YOUR ASSIGNMENT: What's wanted is a faithful retyping of every entry, pictures excluded.

══════════════════════════════

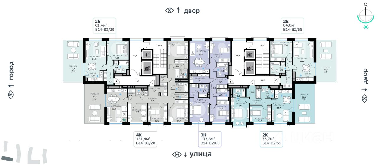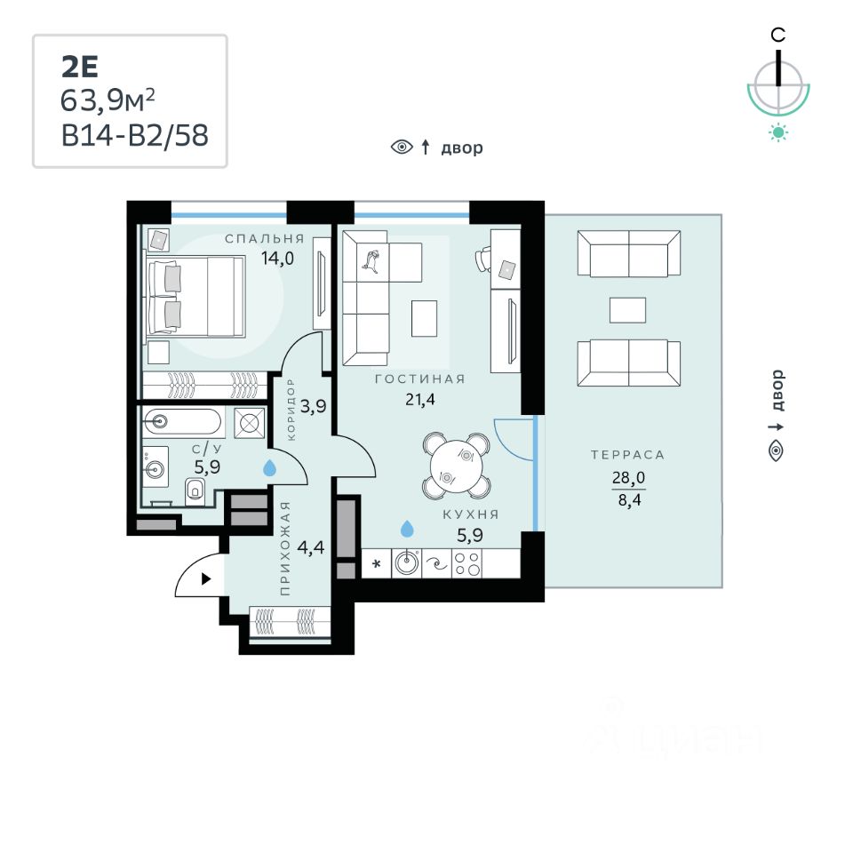 В продаже — однокомнатная квартира, общей площадью 63,9 кв. м. Квартира расположена на девятом этаже девятиэтажного корпуса Балансд в квартале В14 нового района СберСити, который строит Сбер.
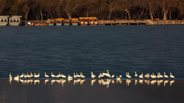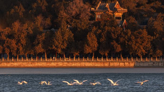 颐和园昆明湖已迎来了好几批路过北京的迁徙天鹅。
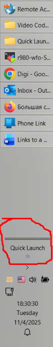 The Quick Launch toolbar will appear on the right side of your taskbar.
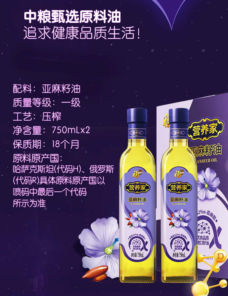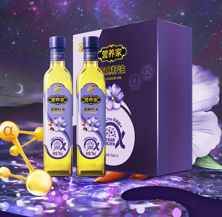 营养家 食用油 亚麻籽油(礼盒装)750ml*2 十二星座瓶 中粮福临门出品
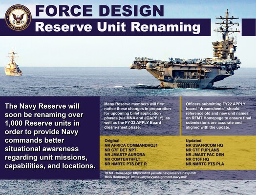 Many Reserve members will first notice these changes in preparation for upcoming billet application phases (via MNA and JOAPPLY), as well as the FY-22 APPLY Board dream-sheet phase. To support these application phases/processes, a list of old and new unit names can be found on the N1 Share-point page at:
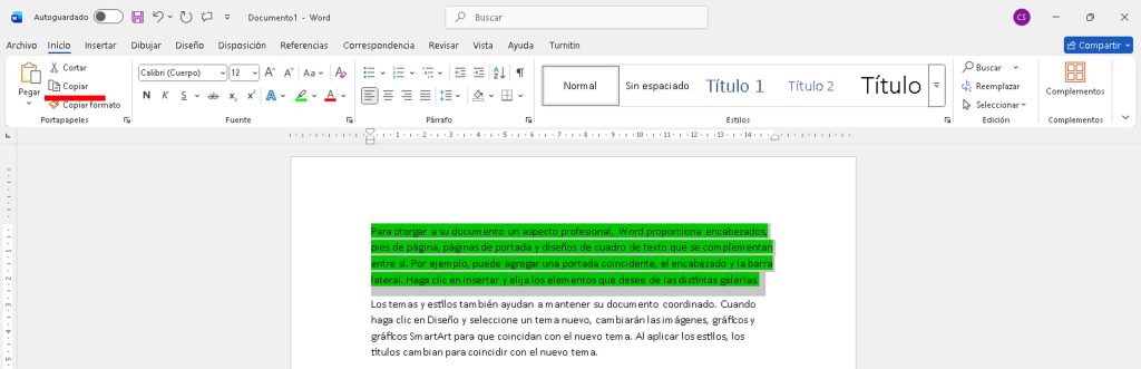 - Clic en Copiar formato (brocha en cinta Inicio).

══════════════════════════════

RESULT OF THE TASK:
 В продаже — однокомнатная квартира, общей площадью 63,9 кв. м. Квартира расположена на девятом этаже девятиэтажного корпуса Балансд в квартале В14 нового района СберСити, который строит Сбер.
 颐和园昆明湖已迎来了好几批路过北京的迁徙天鹅。
 The Quick Launch toolbar will appear on the right side of your taskbar.
 营养家 食用油 亚麻籽油(礼盒装)750ml*2 十二星座瓶 中粮福临门出品
 Many Reserve members will first notice these changes in preparation for upcoming billet application phases (via MNA and JOAPPLY), as well as the FY-22 APPLY Board dream-sheet phase. To support these application phases/processes, a list of old and new unit names can be found on the N1 Share-point page at:
 - Clic en Copiar formato (brocha en cinta Inicio).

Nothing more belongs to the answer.